:: Goal of the exercise ::
Could you return each line from the one bearing "不过从中我们也可以知道6.5" through the last line of the entries, exactly as it stands, with no pictures?

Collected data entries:

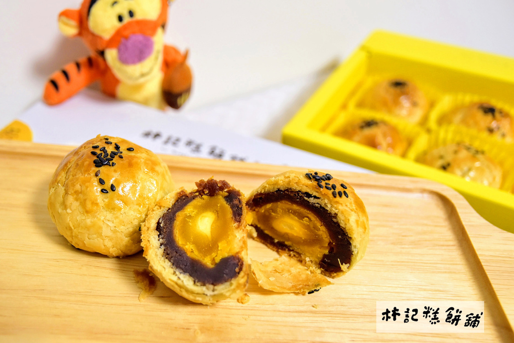 ▼林記蛋黃酥,餅皮裡包著紅豆泥跟一顆完整飽滿的鹹蛋黃,一咬下去外層餅皮非常的酥香,而底層口感更是脆,光是外層餅皮的部分就非常好吃,而內層紅豆泥的口感很綿密,但甜度不高,所以入口比較能感受到的是鹹香的蛋香。
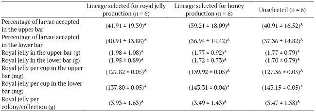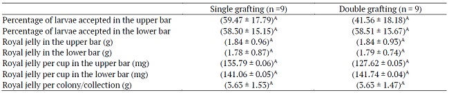 Table 3 lists mean values for percentage of accepted larvae, royal jelly per bar, royal jelly per cup and royal jelly per colony/collection according to the method by which queens were produced. There was no difference (p > 0.05) for any of the analyzed parameters.
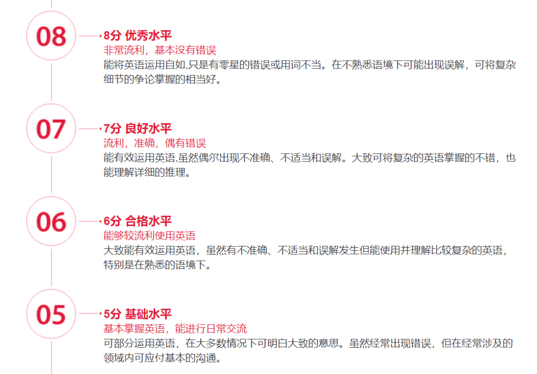 不过从中我们也可以知道6.5分介于6分-7分之间,是能有效运用英语,且出现错误频率会比6分水平要低,但还没达到能够流利准确表达的程度。
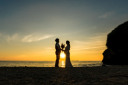 どこまでも続く水平線に臨むアーティスティックな一枚。波の音もふたりを祝福。
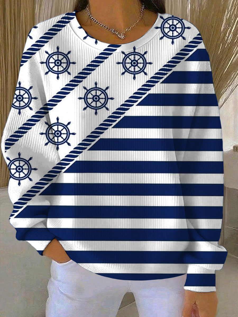 Damska bluza w kolorze białym i niebieskim w paski w stylu morskim z wzorami kół okrętowych

:: Solution to the problem ::
 不过从中我们也可以知道6.5分介于6分-7分之间,是能有效运用英语,且出现错误频率会比6分水平要低,但还没达到能够流利准确表达的程度。
 どこまでも続く水平線に臨むアーティスティックな一枚。波の音もふたりを祝福。
 Damska bluza w kolorze białym i niebieskim w paski w stylu morskim z wzorami kół okrętowych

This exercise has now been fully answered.